**TRY IT**
Transcribe the listing that follows in full, exactly, and drop its images.

**INFORMATION SHOWN**
'''

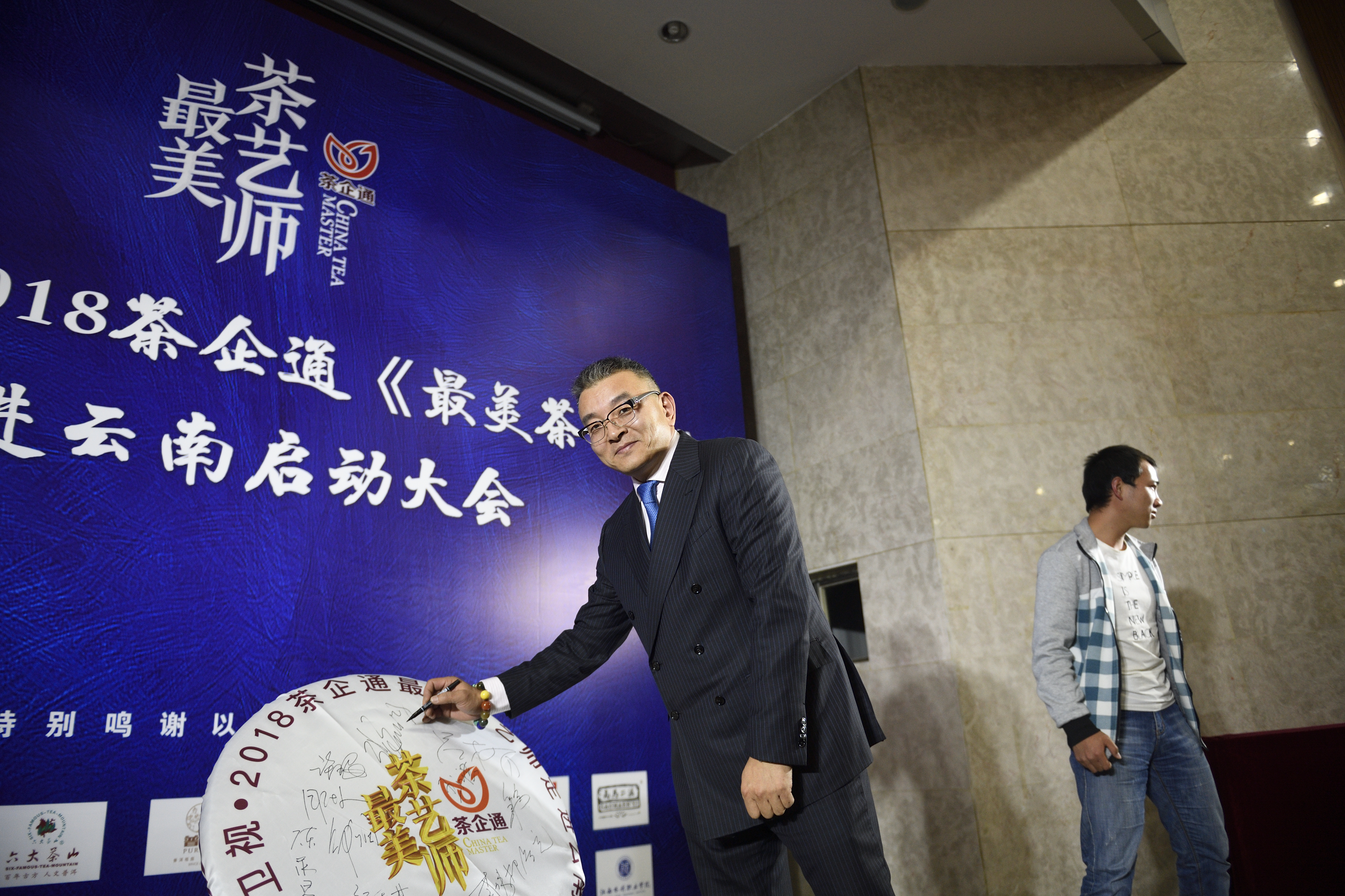 茶企通总经理张瀛鸿在启动仪式上为茶饼签名留念 人民政协报 -人民政协网 记者 田福良摄
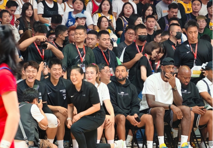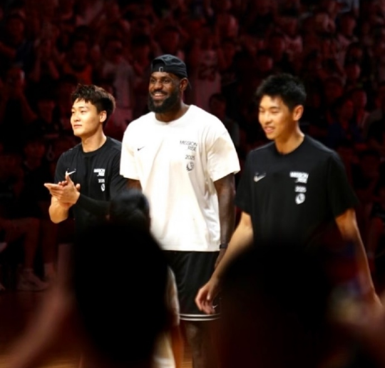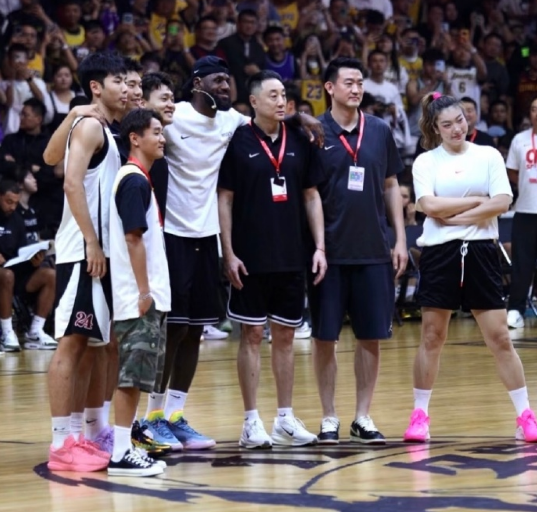 作为同一个品牌签约球员的中国女篮国手李梦现身,并且上场参与了一场女篮比赛。此外,赵睿与崔永熙两位中国男篮国手,他们坐在詹姆斯身边,两人更是笑开了花,而跟随美高球队参加热身赛的国青核心张博源也在现场。
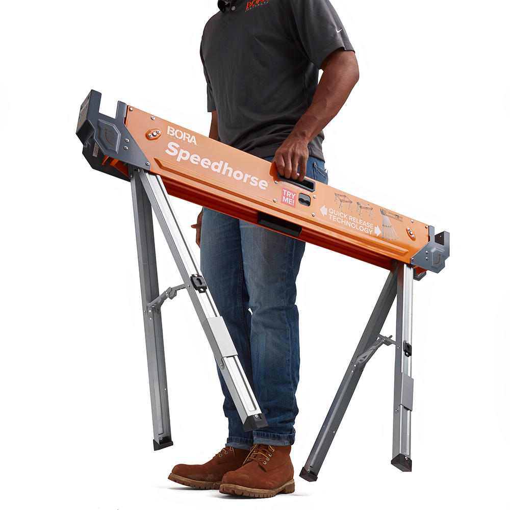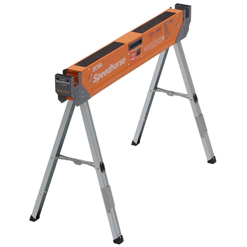 Cavalletti da lavoro Bora Speedhorse: I cavalletti da lavoro in robusta struttura d'acciaio sono la soluzione ideale per utilizzi professionali in officina e in cantiere. Grazie all'innovativo meccanismo, le gambe possono essere ripiegate in pochi secondi con una sola mano.

'''

**WRITTEN RESPONSE**
 茶企通总经理张瀛鸿在启动仪式上为茶饼签名留念 人民政协报 -人民政协网 记者 田福良摄
 作为同一个品牌签约球员的中国女篮国手李梦现身,并且上场参与了一场女篮比赛。此外,赵睿与崔永熙两位中国男篮国手,他们坐在詹姆斯身边,两人更是笑开了花,而跟随美高球队参加热身赛的国青核心张博源也在现场。
 Cavalletti da lavoro Bora Speedhorse: I cavalletti da lavoro in robusta struttura d'acciaio sono la soluzione ideale per utilizzi professionali in officina e in cantiere. Grazie all'innovativo meccanismo, le gambe possono essere ripiegate in pochi secondi con una sola mano.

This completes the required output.